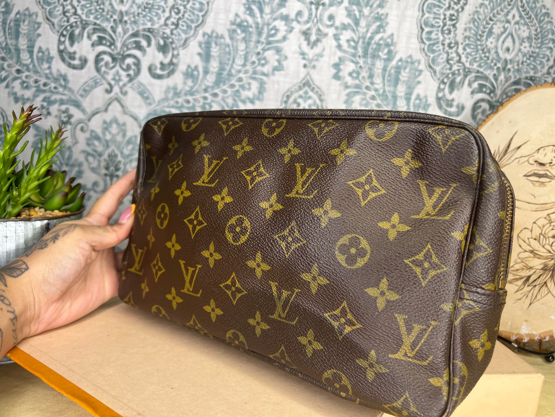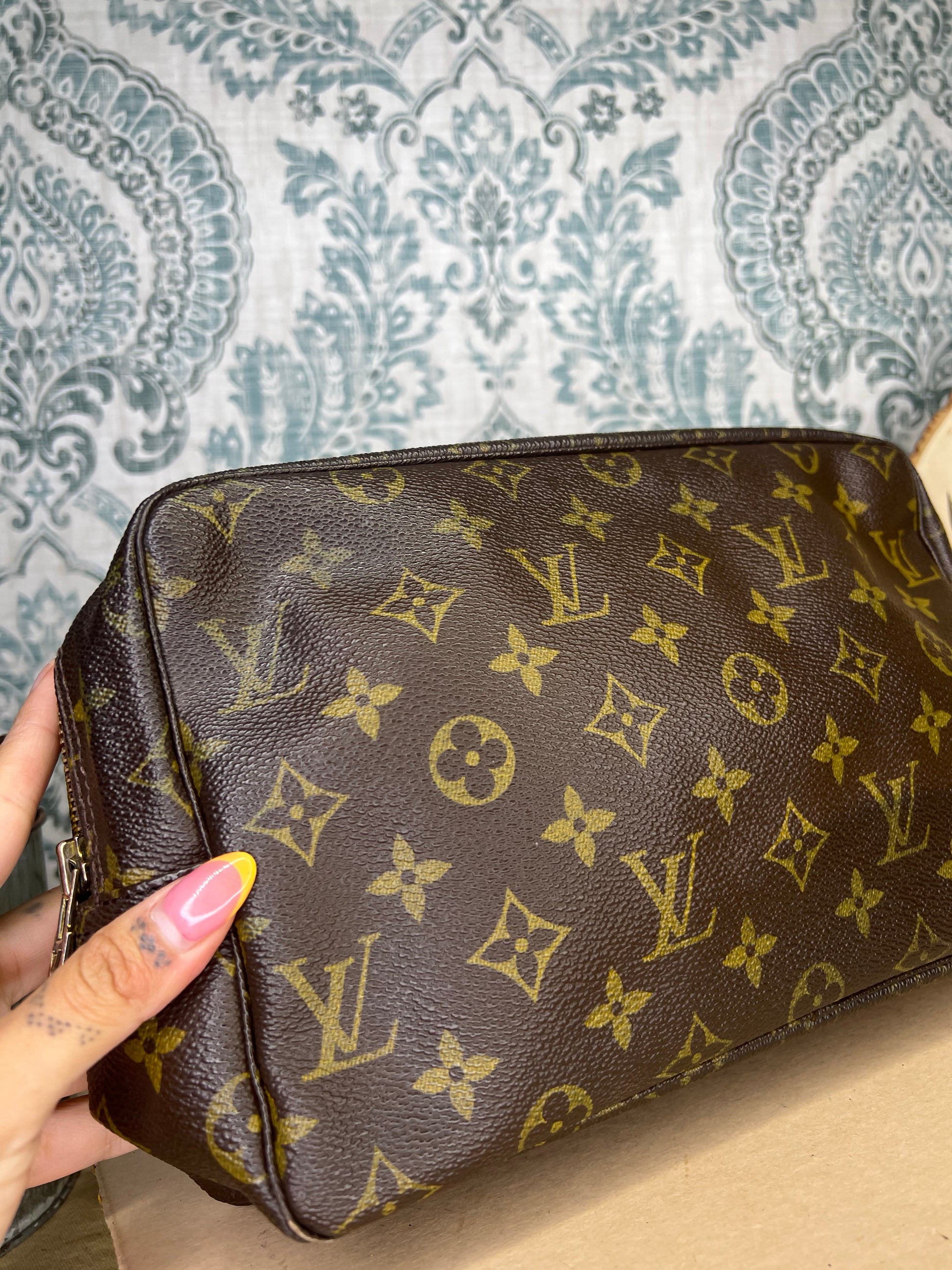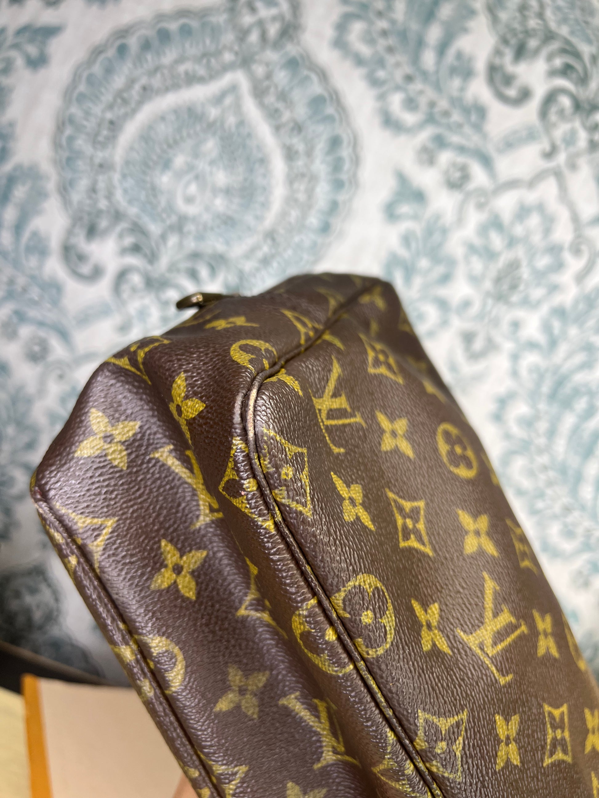 ๐ธ Canvas is free from any major damage. There is only a small amount of canvas chipping at corners. Monogram does have a bit of fading, but itโs overall clear. Thereโs also a very faint black stain on canvas, super hard to see so it was hard for my camera to capture. It is shown in the photo with green circle
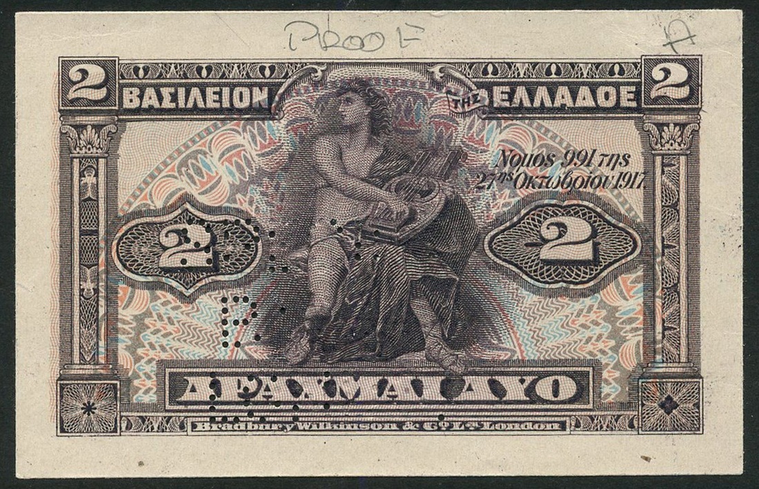 (†) Kingdom of Greece, Ministry of Finance, a proof 2 drachmai, 1917, purple, Orpheus and lyre at centre, value at left and right, reverse pale blue and mauve, value at left and right
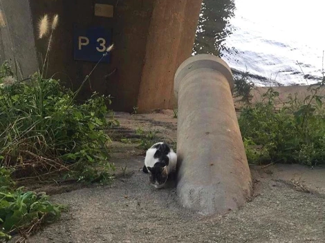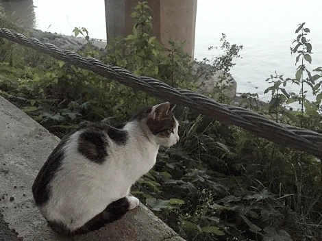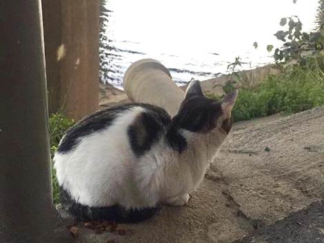 혼자 물가 쪽에 덩그러니 앉아 지나가는 사람들을 구경하던 꼬마 고양이.
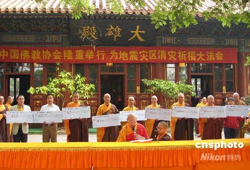 四川省汶川縣發(fā)生七點(diǎn)八級地震后,中國佛教協(xié)會十四日上午在北京廣濟(jì)寺隆重舉行消災(zāi)祈福大法會。現(xiàn)場賑災(zāi)捐款絡(luò)繹不絕,十一世班禪大師捐款十萬元人民幣。中新社發(fā) 徐長安 攝
───
## Task directions
Only the pictures are to be left out; all other material is to be output exactly.

## Exercise response
 ๐ธ Canvas is free from any major damage. There is only a small amount of canvas chipping at corners. Monogram does have a bit of fading, but itโs overall clear. Thereโs also a very faint black stain on canvas, super hard to see so it was hard for my camera to capture. It is shown in the photo with green circle
 (†) Kingdom of Greece, Ministry of Finance, a proof 2 drachmai, 1917, purple, Orpheus and lyre at centre, value at left and right, reverse pale blue and mauve, value at left and right
 혼자 물가 쪽에 덩그러니 앉아 지나가는 사람들을 구경하던 꼬마 고양이.
 四川省汶川縣發(fā)生七點(diǎn)八級地震后,中國佛教協(xié)會十四日上午在北京廣濟(jì)寺隆重舉行消災(zāi)祈福大法會。現(xiàn)場賑災(zāi)捐款絡(luò)繹不絕,十一世班禪大師捐款十萬元人民幣。中新社發(fā) 徐長安 攝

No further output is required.